Dong Yuncheng, Tang Ruichen, Cai Xinyu
School of Highway and Construction Engineering, Yunnan Communications Vocational and Technical College, Kunming 650500, China.
College of Electrical Engineering and Information, Northeast Agricultural University, Harbin 150030, China.
Biomimetics (Basel). 2024 Aug 17;9(8):500. doi: 10.3390/biomimetics9080500.
In order to further improve performance of the Slime Mould Algorithm, the Enhanced Multi-Strategy Slime Mould Algorithm (EMSMA) is proposed in this paper. There are three main modifications to SMA. Firstly, a leader covariance learning strategy is proposed to replace the anisotropic search operator in SMA to ensure that the agents can evolve in a better direction during the optimization process. Secondly, the best agent is further modified with an improved non-monopoly search mechanism to boost the algorithm's exploitation and exploration capabilities. Finally, a random differential restart mechanism is developed to assist SMA in escaping from local optimality and increasing population diversity when it is stalled. The impacts of three strategies are discussed, and the performance of EMSMA is evaluated on the CEC2017 suite and CEC2022 test suite. The numerical and statistical results show that EMSMA has excellent performance on both test suites and is superior to the SMA variants such as DTSMA, ISMA, AOSMA, LSMA, ESMA, and MSMA in terms of convergence accuracy, convergence speed, and stability.

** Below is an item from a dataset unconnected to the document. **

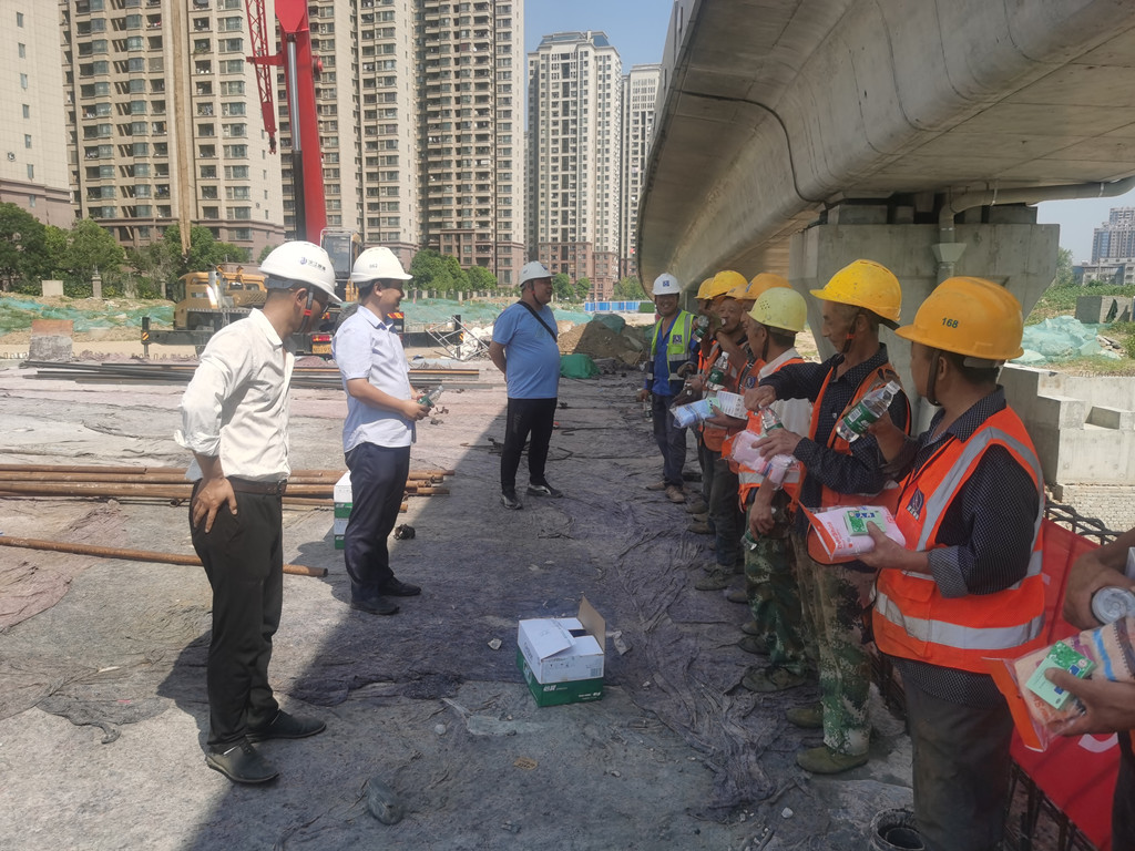 在送清涼活動中,漢江城建質安部部長吳斌對一線工人高溫下的工作和生活情況進行了細致的了解,對分公司高溫下的安全降溫措施進行了進一步的強調,分公司要根據(jù)天氣炎熱程度,適時調整中午休息時間,避開高溫時段,有效預防工人在高溫下作業(yè)可能帶來的身體不適反應,真正把關愛工人身心健康落實在具體行動中。同時要求項目部要加強作業(yè)人員安全教育培訓和封閉式管理,確保工地施工安全質量和疫情生產防控,確保生產現(xiàn)場、一線工人的生命安全和生產秩序。
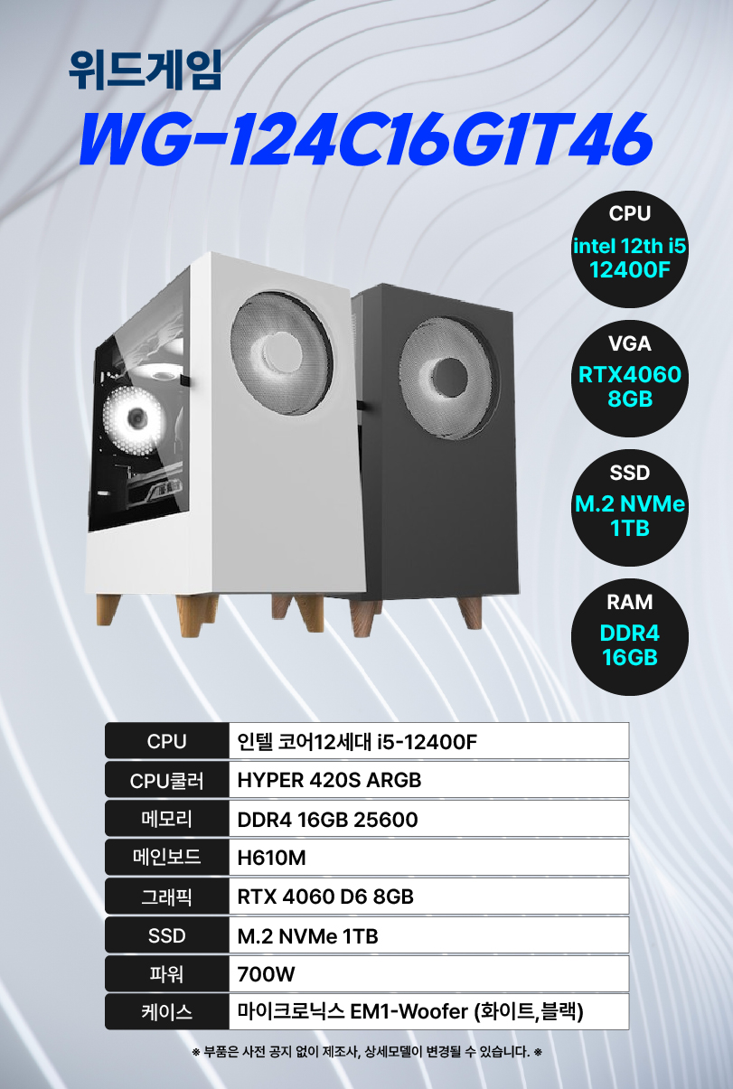 WG-124C16G1T46 위더스렌탈 [위더스컴퓨터] 위드 게임 PC 데스크탑 제품분류 노트북/PC AS기간 3년 최저 렌탈가 월 68,000 (렌탈가) 3년 할인 제휴카드 보기 렌탈신청 장바구니

为了进一步提高黏菌算法的性能,本文提出了增强型多策略黏菌算法(EMSMA)。对黏菌算法主要进行了三处修改。首先,提出了一种领导者协方差学习策略来取代黏菌算法中的各向异性搜索算子,以确保智能体在优化过程中能够朝着更好的方向进化。其次,采用改进的非垄断搜索机制对最优智能体进行进一步改进,以提升算法的开发和探索能力。最后,开发了一种随机差分重启机制,以帮助黏菌算法在陷入停滞时逃离局部最优并增加种群多样性。讨论了这三种策略的影响,并在CEC2017套件和CEC2022测试套件上评估了EMSMA的性能。数值和统计结果表明,EMSMA在两个测试套件上均具有优异的性能,在收敛精度、收敛速度和稳定性方面优于DTSMA、ISMA、AOSMA、LSMA、ESMA和MSMA等黏菌算法变体。